Required work.
Restate the lines of the material below word for word, from the first through the one containing "此時(shí)正值上午,養(yǎng)護", and include nothing else; pictures stay out.

--- Dataset extract ---

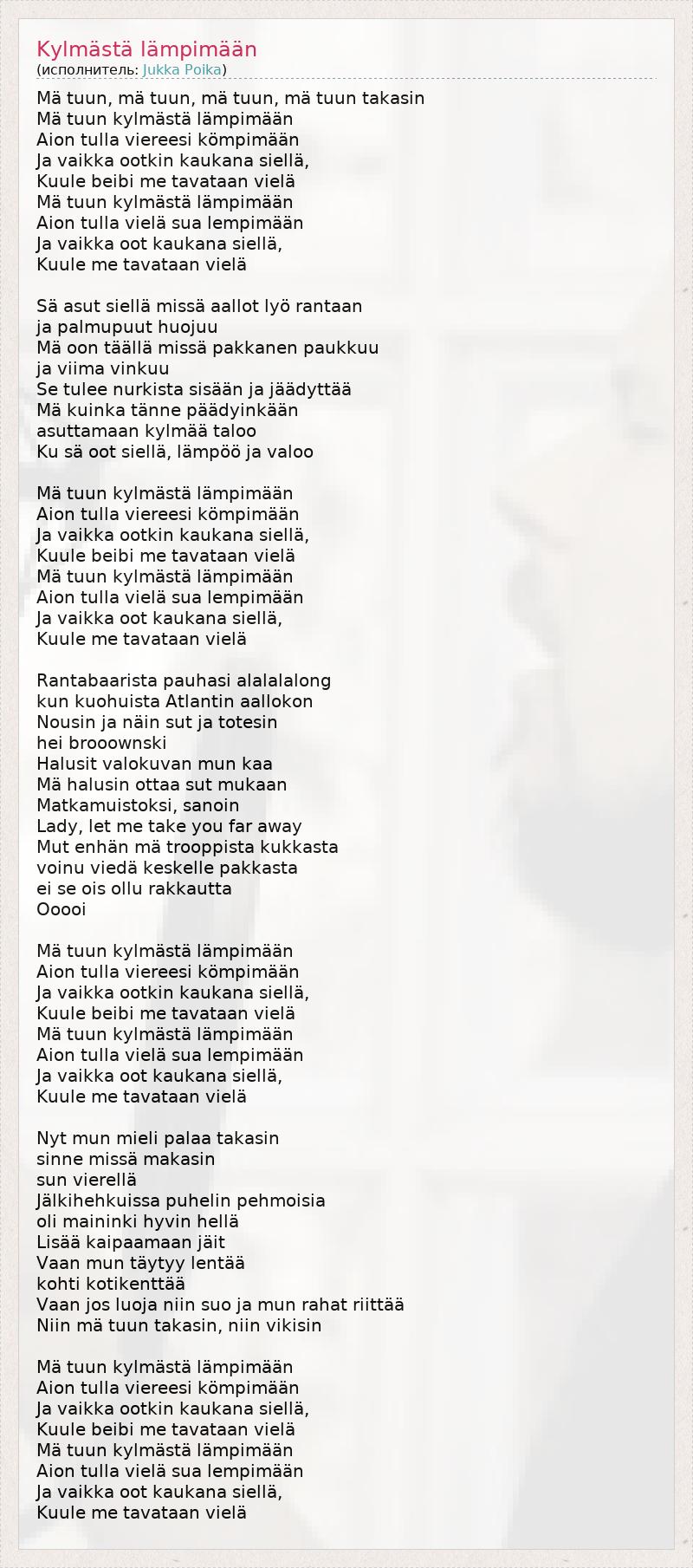 ГлавнаяИсполнителиJukka PoikaKylmästä lämpimään
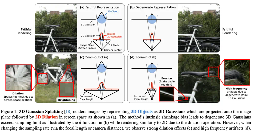 3D 高斯泼溅通过将 3D 对象表示为被投影到图像平面上的 3D 高斯函数,随后在屏幕空间中进行 2D 膨胀处理,如图 (a) 所示。该方法的内在收缩偏差导致退化的 3D 高斯函数超出采样限制,如图 (b) 中的 δ 函数所示,而由于膨胀操作,其渲染效果类似于 2D。然而,当改变采样率(通过焦距或相机距离)时,会观察到强烈的膨胀效应(c)和高频伪影(d)。
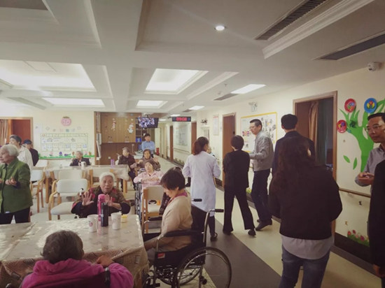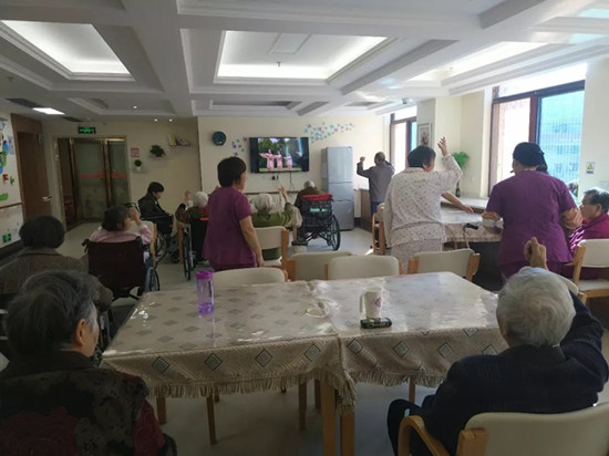 此時(shí)正值上午,養(yǎng)護(hù)院呈現(xiàn)出一派舒適景象:富有特色的環(huán)創(chuàng)設(shè)計(jì),干凈整潔的長者居室,沒有異味的洗漱間和衛(wèi)浴間,和煦的陽光照進(jìn)活動(dòng)室,不少長者在護(hù)理員的帶領(lǐng)下正在做操。精神奕奕、有說有笑的長者給調(diào)研團(tuán)留下了深刻印象。
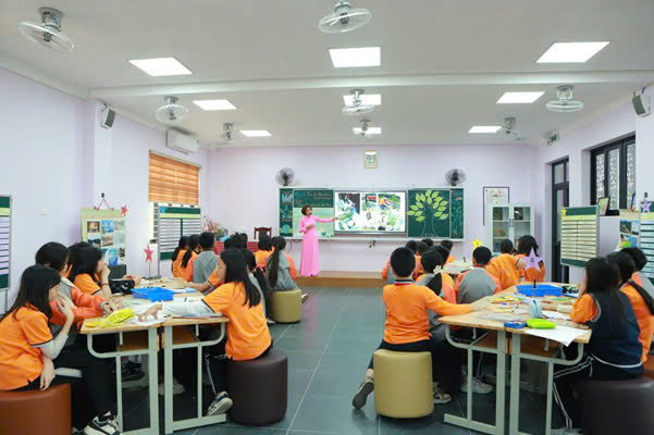 Cô Nguyễn Thị Hồng đã rất khéo léo trong việc hướng dẫn học sinh chủ động giải quyết vấn đề. Trong suốt tiết học, cô đã khuyến khích các em đặt câu hỏi, tranh luận, và đặc biệt là cùng nhau tìm kiếm các giải pháp thiết thực. Cô cũng chia sẻ với các em những câu chuyện thực tế về những nỗ lực của các tổ chức quốc tế và trong nước trong việc đối phó với biến đổi khí hậu, khiến các em cảm thấy gần gũi và có trách nhiệm hơn với hành động bảo vệ môi trường.

---

Response area.
 ГлавнаяИсполнителиJukka PoikaKylmästä lämpimään
 3D 高斯泼溅通过将 3D 对象表示为被投影到图像平面上的 3D 高斯函数,随后在屏幕空间中进行 2D 膨胀处理,如图 (a) 所示。该方法的内在收缩偏差导致退化的 3D 高斯函数超出采样限制,如图 (b) 中的 δ 函数所示,而由于膨胀操作,其渲染效果类似于 2D。然而,当改变采样率(通过焦距或相机距离)时,会观察到强烈的膨胀效应(c)和高频伪影(d)。
 此時(shí)正值上午,養(yǎng)護(hù)院呈現(xiàn)出一派舒適景象:富有特色的環(huán)創(chuàng)設(shè)計(jì),干凈整潔的長者居室,沒有異味的洗漱間和衛(wèi)浴間,和煦的陽光照進(jìn)活動(dòng)室,不少長者在護(hù)理員的帶領(lǐng)下正在做操。精神奕奕、有說有笑的長者給調(diào)研團(tuán)留下了深刻印象。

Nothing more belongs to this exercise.